··· DATA SHOWN

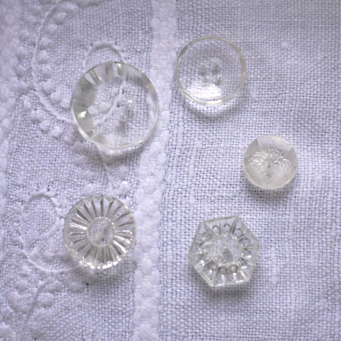 古いガラスボタン5PsetI アンティーク チェコガラス クリアガラス
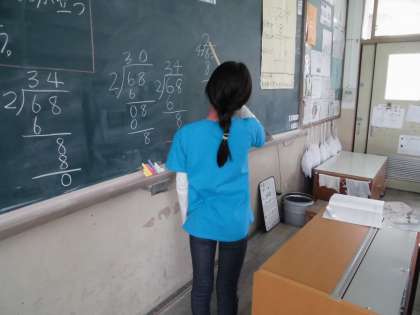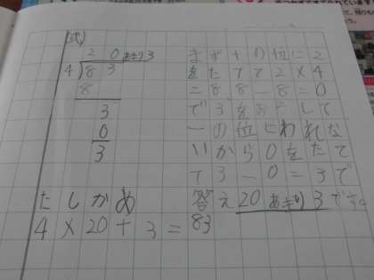 1けたでわるわり算の筆算の学習をがんばっています。この日の授業では,何人かの間違えや,わからないところから,学習が深まっていきました。間違いやわからない所を素直に出し合えるのは,素晴らしいことだと思います。これからも,みんなの学びのためにドンドン間違えて,みんなで深めていきましょう。
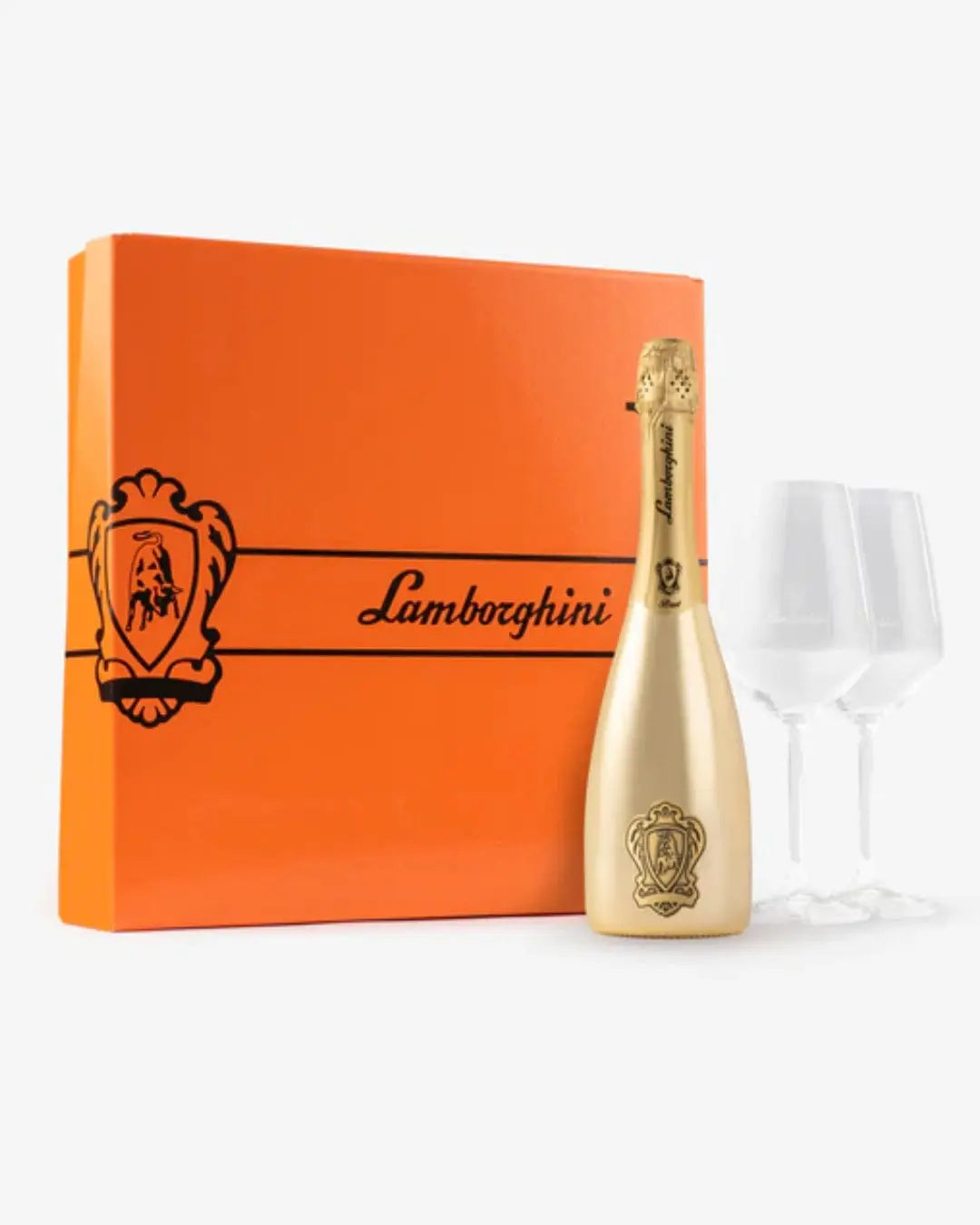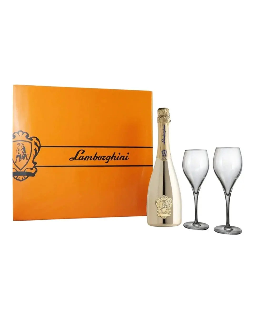 Lamborghini Gold Brut Sparkling Wine Gift Set With 2 Crystal Glasses, 75 cl
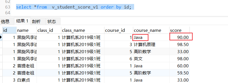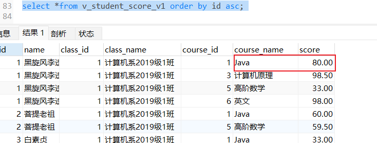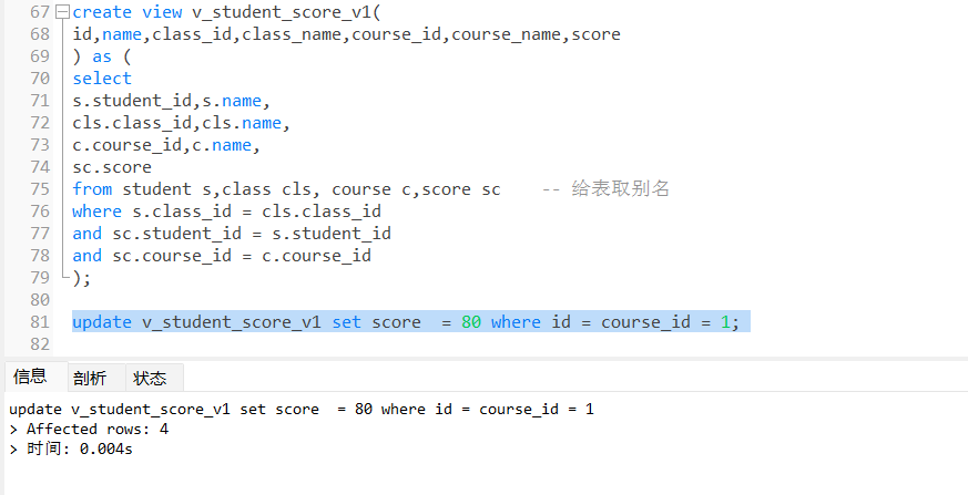 可以由下图观察得到,更新视图数据会影响基本表数据

······

=== PROBLEM TO WORK ON ===
Now write out the data word for word, skipping every picture in it.

=== WRITTEN RESPONSE ===
 古いガラスボタン5PsetI アンティーク チェコガラス クリアガラス
 1けたでわるわり算の筆算の学習をがんばっています。この日の授業では,何人かの間違えや,わからないところから,学習が深まっていきました。間違いやわからない所を素直に出し合えるのは,素晴らしいことだと思います。これからも,みんなの学びのためにドンドン間違えて,みんなで深めていきましょう。
 Lamborghini Gold Brut Sparkling Wine Gift Set With 2 Crystal Glasses, 75 cl
 可以由下图观察得到,更新视图数据会影响基本表数据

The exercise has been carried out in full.